I understood everything as a non-dev, great job explaining. Where is the previous performance before all the upgrades? Need something to compare to.

I have some old files with previous data at various times in the past, of course, but the reporting format became more sophisticated with time as I learned more about the nature of the data, so it will take a little massaging to make a direct apples-to-apples comparison. Eventually I'm planning a proposal for the work we did, and I'll likely include an overview of that type of data with the proposal, so that people can more easily evaluate the quality of the work.

Congratulations @blocktrades! You have completed the following achievement on the Hive blockchain and have been rewarded with new badge(s) :

You received more than 95000 upvotes. Your next target is to reach 100000 upvotes.
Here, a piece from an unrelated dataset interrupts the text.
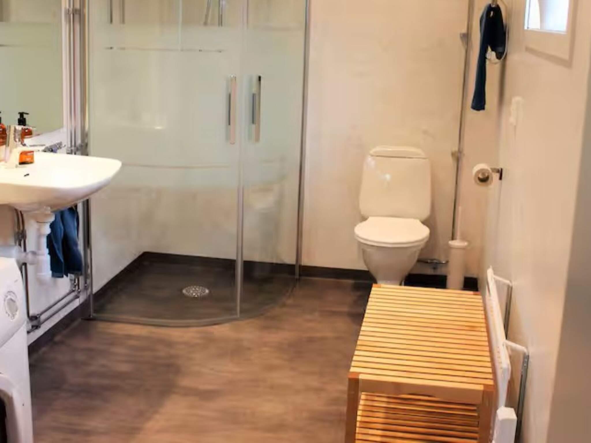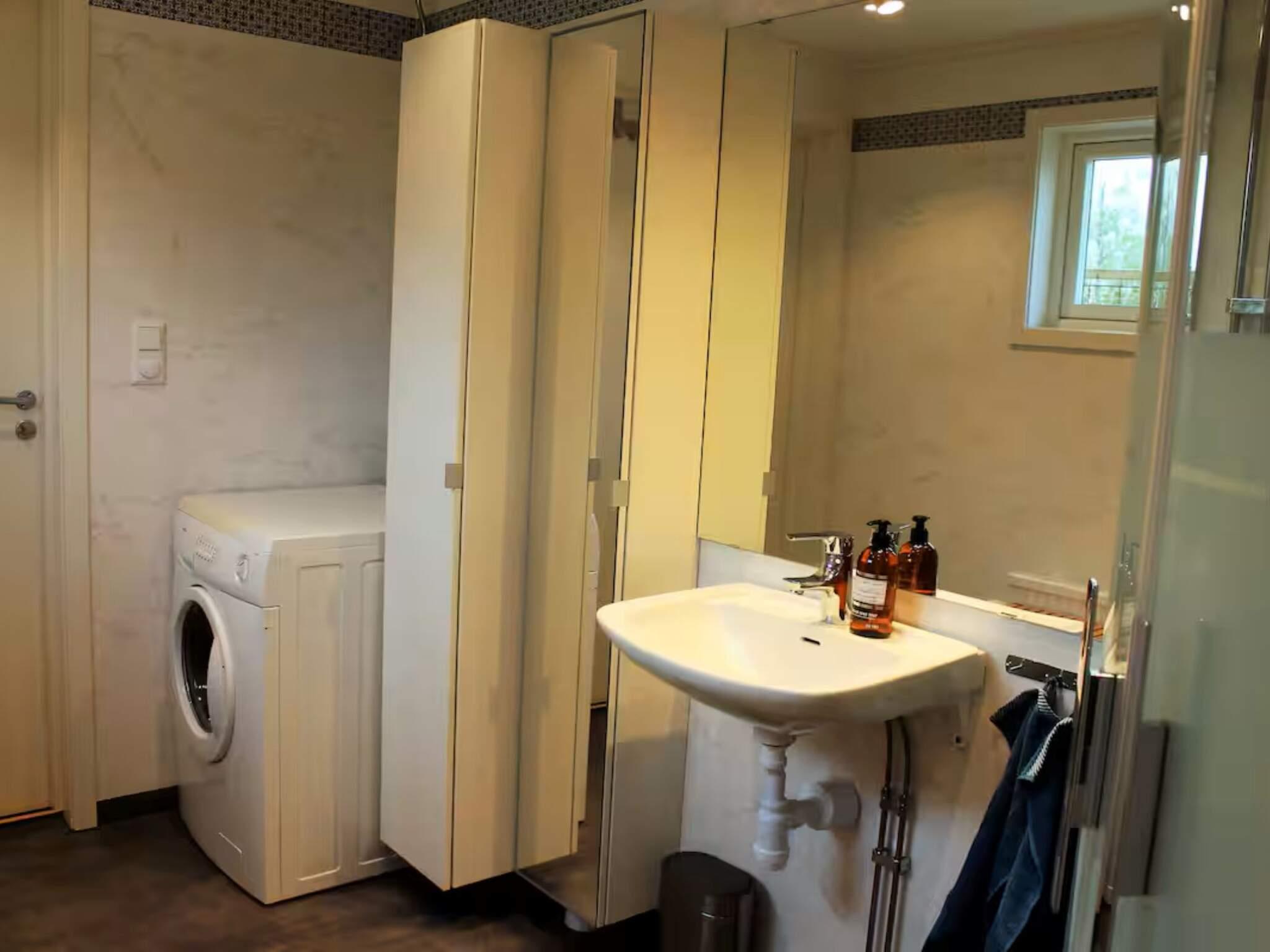 Bad/wc: Vaskemaskine, wc, håndvask, bruser

You can view your badges on your board and compare yourself to others in the Ranking
If you no longer want to receive notifications, reply to this comment with the word STOP

Do not miss the last post from @hivebuzz:

Feedback from the January 1st Hive Power Up Day
Happy New Year - Project Activity Update

!wine


Cheers, @minnowspower You Successfully Shared 0.100 WINE With @blocktrades.
You Earned 0.100 WINE As Curation Reward.
You Utilized 2/3 Successful Calls.

wine-greeting


WINE Current Market Price : 0.000 HIVE

Hi @blocktrades i have a question:
I think I read some time ago that the get_follower/ing calls will be served by hivemind and no more by the follow_api. Is it correct?
The follow api no longer exist? And all its methods are now served by the hivemind api? So also get_follow_count?
Thanks

get_followers/following are definitely served by hivemind, and have been for quite a while I think (as long as Hive existed, I believe, but not 100% sure without checking). But we've moved some other API functionality from hivemind to hived (reputation, notifications, and voting data) as part of Eclipse work to reduce memory usage by hived and improve API speed.

Yeah I know...great work and thank you for your answer!!
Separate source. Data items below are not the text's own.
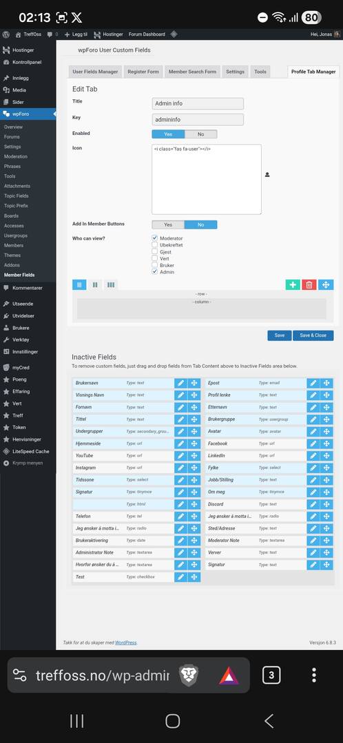 Please note that if a tab or field is added, the user should be able to manage it. The “Who can view” option is designed to restrict content from other users, not from the current user. This means that if a field or tab is added, the user will be able to view/manage it.
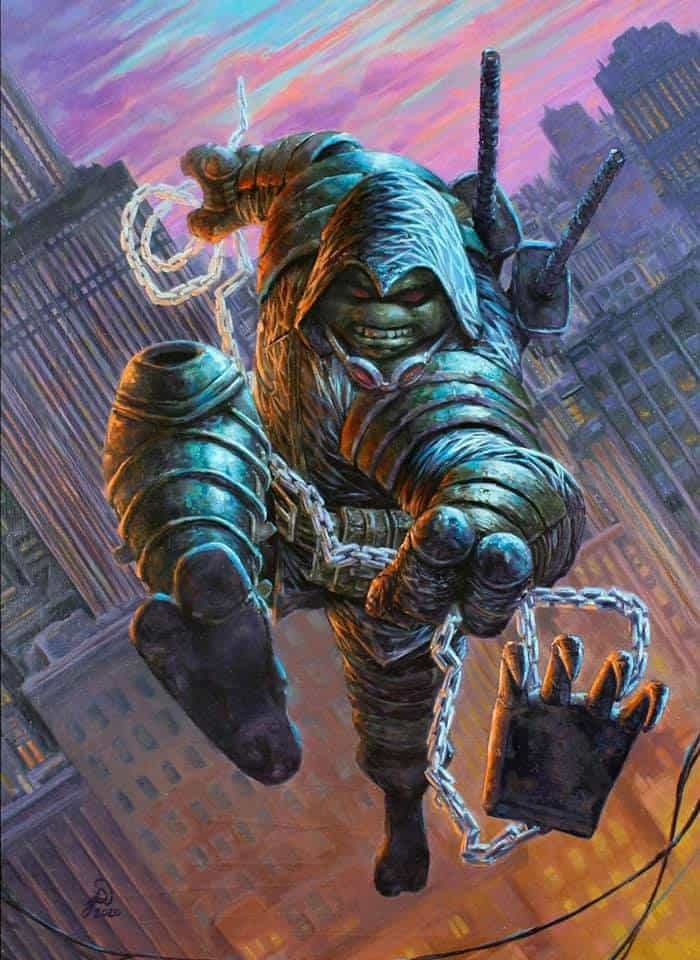 Depuis toujours il avait ressenti l’absence de sa mère. Trop occupée avec le Foot Clan de son vivant. Dans le coma depuis près de 30 ans. Il relativisait. Son destin était de devenir plus grands que sa mère. Si grand qu’il était persuadé d’être ce qu’Oroku Saki, son grand père, n’avait jamais pu être. Sa soif de pouvoir et son arrogance le faisait sauter dans le vide et se rattraper sur des câbles qui cédaient sous son poids. Il se moquait de chuter ainsi. Des serres approchaient pour l’empêcher de toucher le sol.
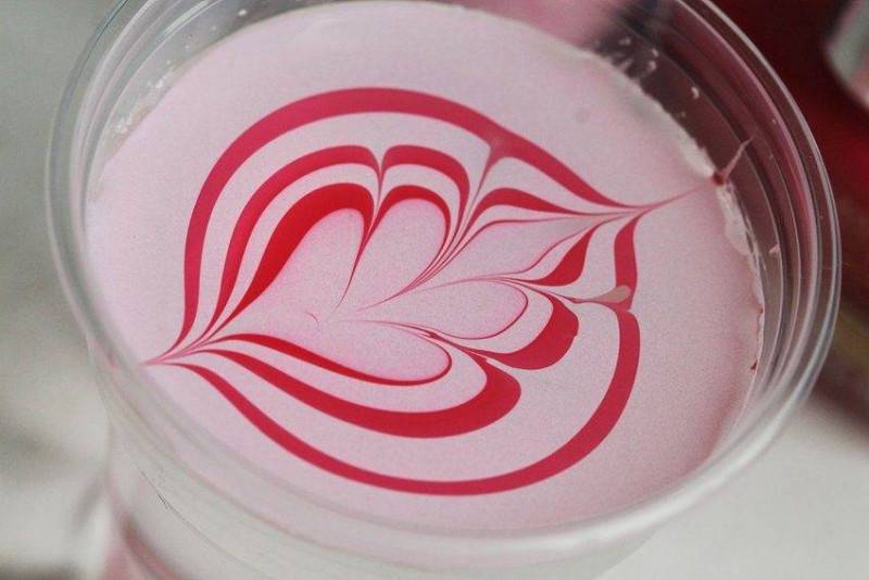 Каждый водяной круг должен растекаться к стенкам стакана. Вы можете помочь этому процессу, проводя зубочисткой от первого развода к бортику емкости. Не погружайте палочку слишком глубоко, она должна скользить по воде.
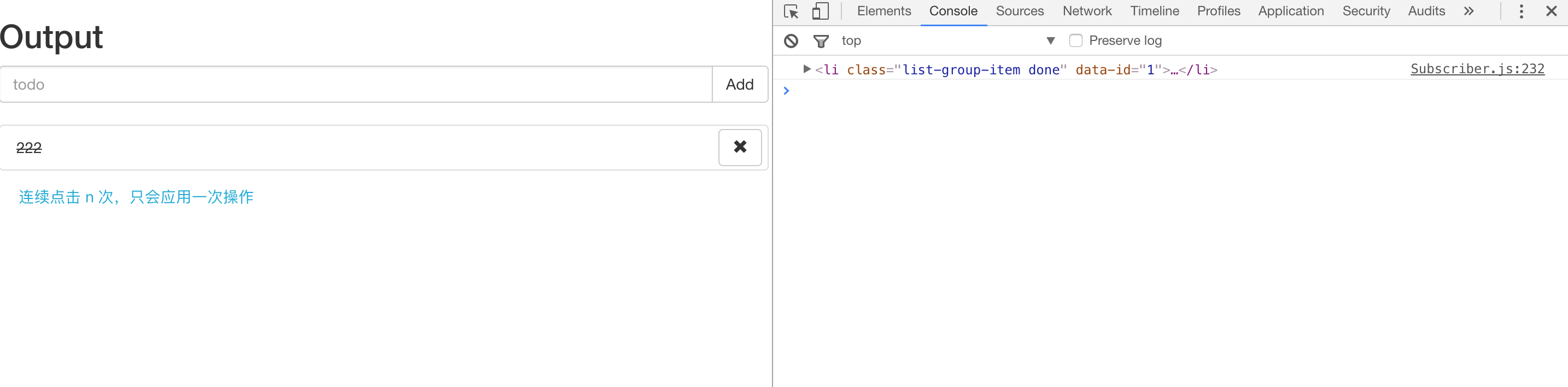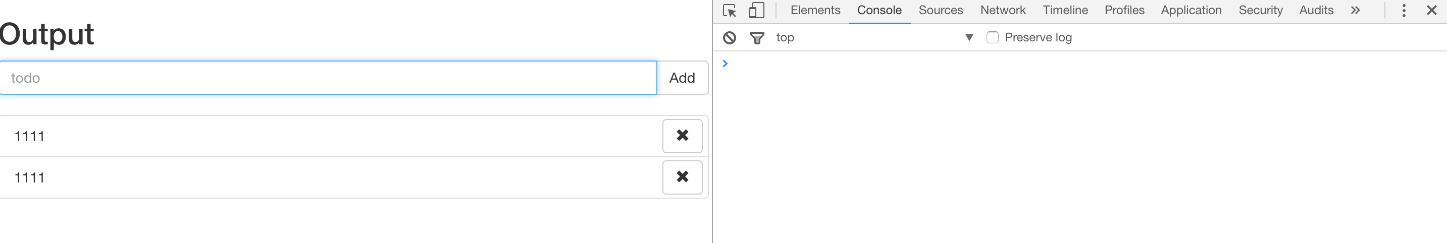 此时还存在一个小问题,在生成 todo item 后再输入与上次同样的值并按下回车,这次的值会被 distinct 操作符过滤掉。为了解决这个问题,我们可以指定 distinct 操作符的第二个参数 flushes 来清除 distinct 操作符的缓存:

From my little experience, I noticed a huge improvement on the api.hive.blog node. Before that node was one of the worst, now it's the best :)

I think api.hive.blog has almost always had the strongest overall performance (because it was internally supporting several hiveminds and hiveds), but it also had the most traffic, so performance perceived by an individual user of the api server would often seem lower than the performance of a lightly loaded api server.
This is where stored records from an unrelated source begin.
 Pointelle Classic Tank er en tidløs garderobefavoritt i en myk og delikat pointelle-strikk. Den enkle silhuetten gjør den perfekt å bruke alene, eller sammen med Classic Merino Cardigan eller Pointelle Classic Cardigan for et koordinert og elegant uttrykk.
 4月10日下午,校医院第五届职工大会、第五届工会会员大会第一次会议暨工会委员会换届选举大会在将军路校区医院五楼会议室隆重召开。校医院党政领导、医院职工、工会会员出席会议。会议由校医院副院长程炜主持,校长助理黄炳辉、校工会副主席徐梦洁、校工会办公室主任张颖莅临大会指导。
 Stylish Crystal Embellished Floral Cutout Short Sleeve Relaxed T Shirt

There could also sometimes be latency issues associated with when we served some of the data from outside it's primary data center while doing testing on experimental versions of hivemind.

With our recent changes, the large amount of traffic going there just doesn't load us much at all and we're serving with a single hivemind locally situated in the data center, so even perceived performance (responsiveness/low latency) should be very good.

Yes the performance is very good. Before the most common error i saw on my terminal was RPCError Request Timeout, now it's a lot better

Yes, that error typically indicates some form of excessive loading on the server when you see it (the other possibility can be to ask a question with a difficult answer, but we've speeded up the code to the point where it's hard to ask a question that is difficult enough to stump the server now).

thanks for the explanation, and good work!

Though the complexity of this makes my head hurt a little, the transparency of your operations and education of the coders makes my heart feel good.

Thanks again for being a technology enabler and great blockchain citizen!

beerologistapproved.png

muy buen trabajo,lo felicito,espero contar con su voto y apoyo,necesito comprar un celular para trabajar aqui,no tengo,el computador se daño ,he publicada gracias a una amiga pero sin fotos,gracia samigo por ver si me ayuda

Thank you very much for motivating our publications, that keeps us activated to continue growing. Successes in your publications and cures, sincere wishes from Venezuela.